This week, Boing Boing is presenting a series of essays about movies that have had a profound effect on our invited essayists. See all the essays in the Mind Blowing Movies series here. — Mark
Like Tears in the Rain, by Gareth Branwyn
[Video Link] In 1982, my wife and I had just moved from a rural commune in Virginia to Washington, DC. We moved to the city so that she could pursue her music career (among other reasons). We were still country mice, easily awoken in the morning by street traffic, bothered by the air quality, and longing for the open skies of the country — where, at night, you could see the stardust of the Milky Way clear as day.

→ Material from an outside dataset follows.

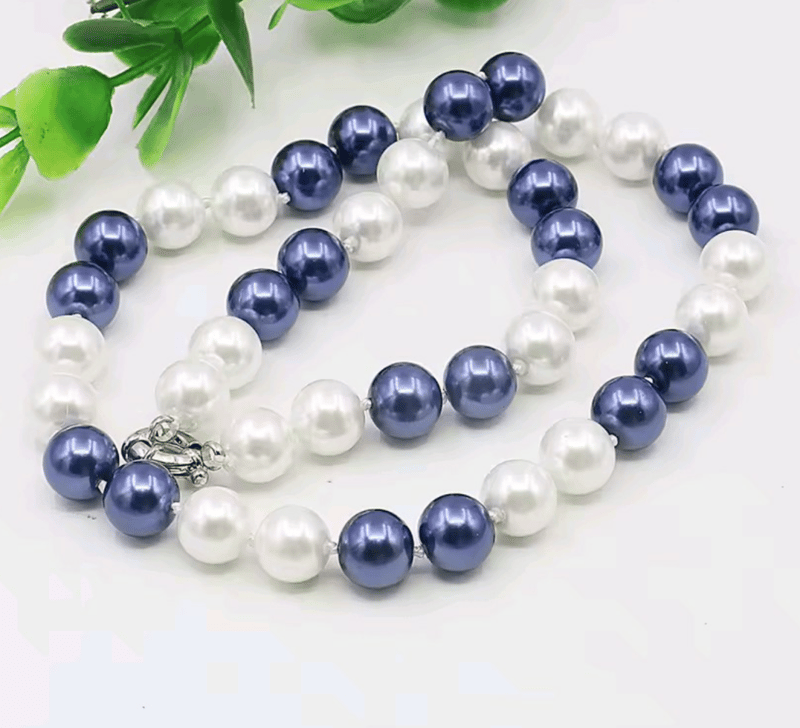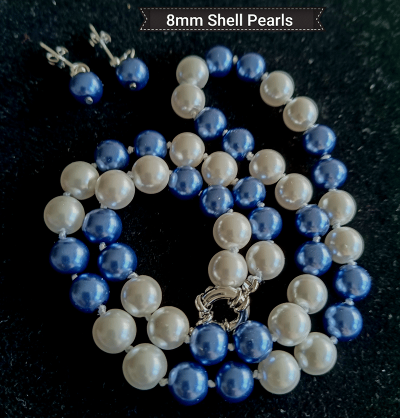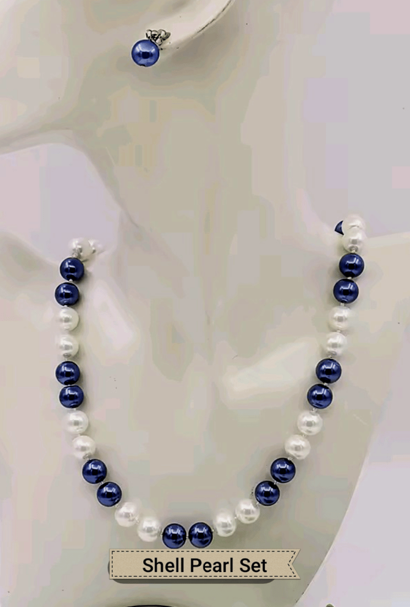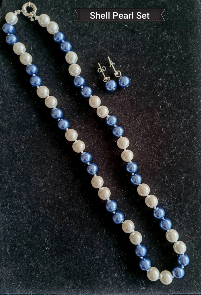 BLUE AND WHITE SHELL PEARL NECKLACE WITH 8MM PEARL STUD EARRINGS

Every year my wife would go to Nantucket to perform at a restaurant called The Brotherhood of Thieves — a place that wouldn't look at all out of place in Treasure Island. It was dark, brick-walled, candle and lantern-lit, with big oak-slab tables and wooden ass-numbing chairs. In 1982, she was performing a duo act with well-known New England folkie Linda Worster, with whom she frequently played on the island.

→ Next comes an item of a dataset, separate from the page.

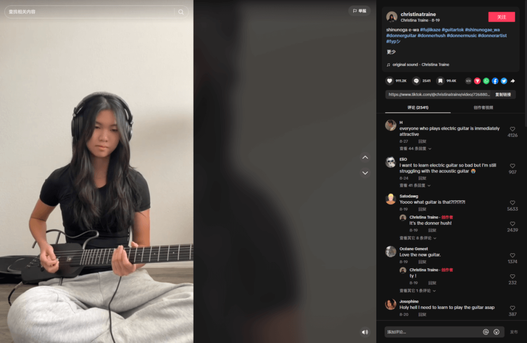 Christina将这首时下非常流行的单曲用摇滚的风格呈现了出来,高超的技巧丝毫没有让听众觉得违和。最终,该条视频收获了911.2k次点赞和2541条评论,数据非常赞。

Seeing them perform every night was a joy, but some nights I'd want to drift onto the streets of Nantucket, get swept up into the tide of pink and Nantucket-red golf clothes and flouncy summer dresses, and see where the night might wash me up.
On this night, a somewhat cold and cloudy one, I ended up under the marquee of Nantucket's Dreamland Theater, a giant, creaking, wooden ship of a building that smelled of mold, popcorn grease, and sunscreen.
Blade Runner, it read. I knew nothing about the film, but it was sci-fi and had Harrison Ford in it, so I figured it'd at least be the perfect way to kill a couple of hours before the ladies' last set. Little did I know that I was stepping into a portal and would emerge a different person, on a different life trajectory than the person who was stumbling down the shabby carpet in the dark, looking for a seat.
I can't really say what made such a fundamental impact on me. The dark noir mood of the film, certainly, and the questions it raises about the nature of life, memory, what constitutes humanity, and whether "androids dream of electric sheep…" What I didn't know I was looking at was a cyberpunk aesthetic that I would soon become completely immersed in, through the work of William Gibson, John Shirley, and others — dystopian worlds, fifteen minutes into the future, where mega-corporations run the show, where personal and planetary technologies permeate society, and where the street finds its own uses for things.
I found the brutality of the film, the violence of the film's rogue replicants towards humans, and their "retirement" at the hands of police special agent Rick Deckard (Ford) shocking to my country hippie sensibilities. But all of those shocks only made the final scene of replicant Roy Batty's (perfectly cast in Rutger Hauer) "natural" death all the more effective and moving. At the time, I thought it was the most beautiful thing I had ever seen and ate up Hauer's (allegedly ad libbed) Tannhaeuser Gate/tears in the rain soliloquy.
It was in that moment that the mood of the film throughly soaked into me. I felt as though I were in it. It ended and I unceremoniously swam back out into the boisterous, drunken nightlife of downtown Nantucket, which didn't feel at all like Nantucket anymore. Fittingly, it had started to drizzle and a fog had crept up Broad Street from Straight Wharf — Blade Runner's perpetual rain had descended upon Nantucket.
I made my way back to The Brotherhood. I stood outside the window right next to where Pammy and Linda performed and peered in. I don't know what song it was, but they were in the middle of some energetic, smilie-faced, folk number. As I stood in the chilly rain, now getting seriously wet, Pam sensed I was there and turned to me as she sang. Her face dropped as she saw the faraway look on mine. I faked a smile back. She smiled, satisfied, and turned back into the music. I was a universe away. I was peering into that antique-glass window from the future.
I didn't go into the restaurant that night, one of the rare occasions I didn't at least catch one set. I went upstairs to the "Ent Room" (Entertainer's Room) where we stayed and I cried. I cried a lot. Again, I'm not really sure why. It is one of my few "molting moments" (as Cocteau called them) where I can't tell you what gears got turned, what wires in my nervous system got spliced. But I had changed, and I cried for the loss of something. Humanity, perhaps. I knew, without knowing it, that post-humanity had just dawned on me. Long live the new flesh. I would quickly travel from this moment into cyberpunk sci-fi, industrial/electronic music, bOING bOING, Mondo 2000, Beyond Cyberpunk!, and Wired. I cried for the death of the country hippie. And like Batty, in that moment, I could feel the full weight of my life, the amazing adventures I'd already been on, full of "things you people wouldn't believe," and somehow, sense wondrous adventures to come, And like Batty, I was sad to think that all of this, all of this accumulation of experience and knowledge, all of my memories, would vanish when I died.
Pammy is gone, eight years now, by her own hand, and I think of that "scene" from our life together frequently, that frozen moment at the window. It has become a scene in Blade Runner itself. I can't think of one without the other. I hold these and other memories in a precious kind of stasis 'cause I know that "all those moments will be lost in time, like tears in rain."